Mary Tryhorne of Montgomery sat in the shade of a tree while her two daughters ate lunch after their half-day camp. She is grateful that she can provide them with financial stability, Tryhorne said: "I grew up very low-income. My mom ran a subsidized in-home daycare in St. Johnsbury, and she would spend her own money to help the kids in daycare eat better.
"In school, I hated standing in line for lunch," Tryhorne continued. "It was pretty obvious who was getting free or reduced[-price] lunch. There was a lot of stigma with poverty. I definitely got bullied for being poor."
"We want all kids to participate, because it helps reduce the stigma around the free meals program," emphasized Heather Torrey, assistant director of the Burlington School Food Project.
"Meals shouldn't be used to divide students," project director Davis agreed. During his tenure of more than 20 years at Burlington's school food program, Davis said, he's watched summer meal service improve both in quantity and in quality.
"We are also providing supper and fresh-cooked options during the summer," he noted. All offerings must meet federal nutrition guidelines. One menu includes barbecued chicken sandwiches with coleslaw; another, tacos of local beef or beans alongside corn salsa.
- James Buck
- Enjoying a free lunch outside the Community Sailing Center
Partnerships with Burlington Parks & Recreation, the King Street Center, the Fletcher Free Library and the Boys & Girls Club of Burlington "allow us to reach many more children in a much more efficient and effective way," Davis said.
Running a meals program year-round has other benefits, he noted, allowing the organization to purchase more local food consistently and provide summer employment to about 35 percent of his staff.
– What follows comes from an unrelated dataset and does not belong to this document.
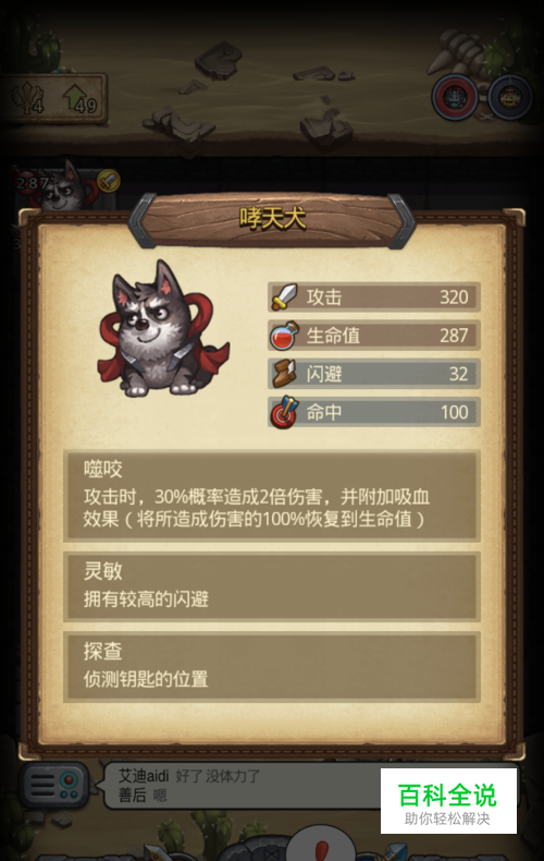 前39层,进入图后,小编不推荐大家在1层招狗,因为我们前期1无物品,2无技能,只能靠翻格子获取狼人药剂的攻击加成,所以大家就先手动点到第五层,然后再使用狼人药剂,这样可以比第一层增加的攻击高30-50点左右.如图可以看到小编第五层招出来的狗的属性。

In Addison County, Kathy Alexander, director of Mount Abraham Unified School District and Addison Northwest School District Food Service Cooperative, is a passionate advocate for free meals. She, too, has leveraged community partnerships to expand access.
"We should not have to compare ourselves to each other based on whether we can afford food. Everybody, particularly kids, should get good food," Alexander said. "We know kids are more successful when they are well fed with healthy food."
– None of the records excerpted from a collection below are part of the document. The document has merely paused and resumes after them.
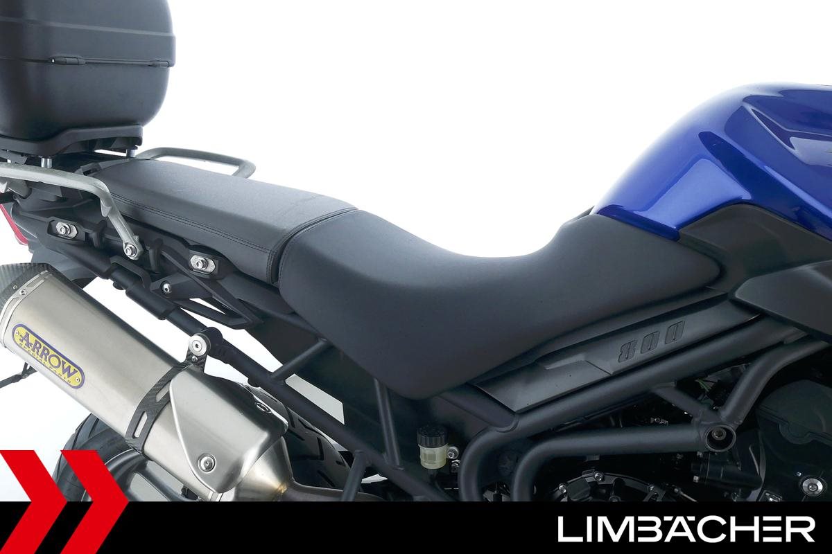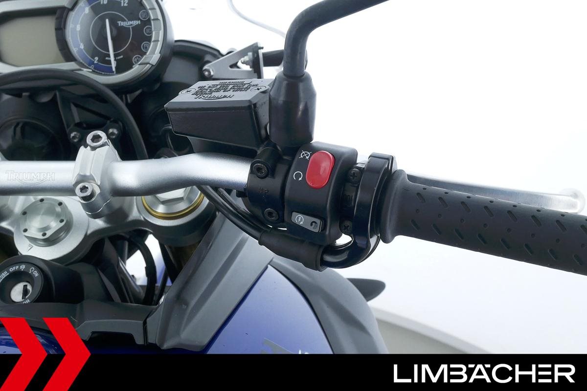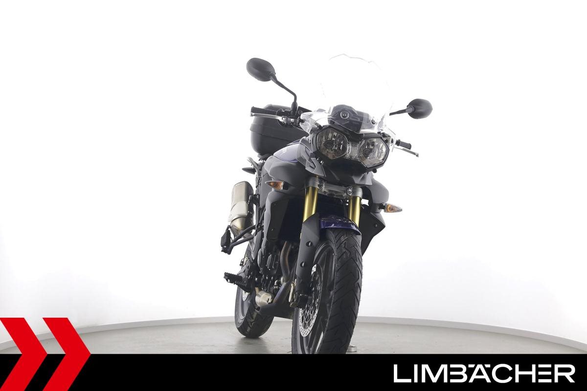 Eine scheckheftgepflegte Triumph Tiger 800 aus zweiter Hand in gepflegtem Zustand u.a. mit Arrow-Endschalldämpfer sowie Givi-Topcase.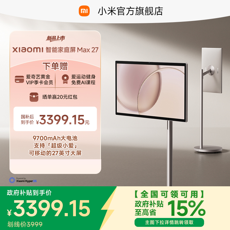Xiaomi 智能家庭屏 Max 27小米闺蜜机27英寸128GB可移动电视大平板升降娱乐观影追剧健身k歌AI随心屏自由投屏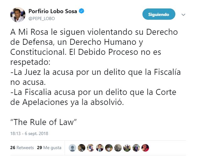 No se respeta el debido proceso en el caso de la Ex primera Dama, acusa ex mandatario Porfirio Lobo

Alexander's team works with 17 sites from Starksboro to Shoreham, making geographic distance her biggest challenge. "We can do the food, but transportation is hard," she said. "Great partnerships really make it work."
Some of the bigger sites in Alexander's region are mobile home parks, which she reaches with the help of Mary Johnson Children's Center in Middlebury and Middlebury College student drivers. "I know the families there really appreciate it," Alexander said. "They are very isolated, and to get a quality meal in the middle of the day with fresh fruits and vegetables takes a burden off."
Shoreham is beyond her district, Alexander said, "but there's this amazing librarian there, and she called me eight years ago and said, 'We have to do a program.'" The librarian, Abby Adams, finds volunteers who drive to a midway point to meet up with Alexander or a staff member. They swap the previous day's empty cooler for one full of meals such as chicken fajita-and-cheddar sandwiches with rainbow pepper strips, snow peas, ranch dip and watermelon.
"Communities can make things work," Alexander said. "I think you have to recognize how important it is, be passionate about it and find other people who are passionate about it."
Alexander also gets great satisfaction from the grill site across the street from the Vergennes town pool. The grill, which was donated by a local hardware store, attracts families who gather around picnic tables while their kids eat food prepared by her team.
"It's what community should be all about. All different people coming together to share resources," she said. "What I love about the summer meals program is that need is not the defining factor. It's about kids and community and healthy food. Everyone is at the table."